Бишоп прибывает в участок и проходит инструктаж капитана Гордона. Все, что требуется от новоиспеченного начальника участка, – отвечать на телефонные звонки и называть адрес отделения полиции в Эллендейле. Бишоп спрашивает, почему здание нельзя просто закрыть на ночь, на что Гордон отвечает, что это связано с переездом, и добавляет, что, вероятно, в управлении хотели дать офицеру «особенное первое задание».
В это время в Андерсон приезжает мужчина по имени Лоусон (Мартин Уэст) с дочерью Кэтти. Они ищут дом няни девочки, чтобы предложить ей переехать из гетто и жить с ними в более благополучном районе. Заблудившись, Лоусон останавливается у таксофона, чтобы уточнить у няни адрес дома. Кэтти отправляется к припаркованному неподалеку фургону мороженщика. В этот момент рядом останавливается машина главарей «Грома улиц». Один из них убивает Кэтти и стреляет в мороженщика. Лоусон бежит к дочери, а преступники скрываются. Умирающий мороженщик успевает сказать Лоусону о пистолете, спрятанном под приборной панелью фургона.

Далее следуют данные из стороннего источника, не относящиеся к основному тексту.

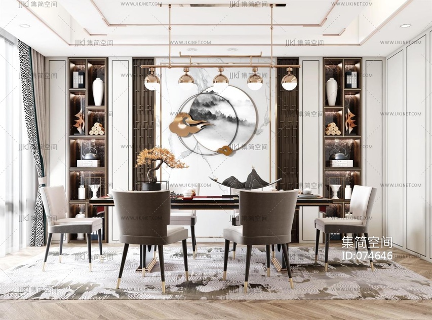 02新中式餐厅,餐桌椅,窗帘盆景 3d模型下载 [模型ID:74646]

Параллельно с этим полицейский Старкер (Чарльз Сайферс) конвоирует между тюрьмами заключенных Уэллса (Тони Бёртон), Коуделла (Питер Фрэнкленд) и особо опасного убийцу Наполеона Уилсона (Дарвин Джонстон). Коуделл серьезно болен и задыхается от кашля. Старкер понимает, что он может не добраться до пункта назначения живым, и просит водителя автобуса заехать в ближайший полицейский участок. Это участок в Андерсоне. Прибыв на место, Старкер уговаривает лейтенанта Бишопа разместить заключенных в камерах участка. Бишоп, который уже вывесил на дверях табличку с информацией о том, что участок переехал, против приема гостей, но в итоге соглашается дождаться приезда врача.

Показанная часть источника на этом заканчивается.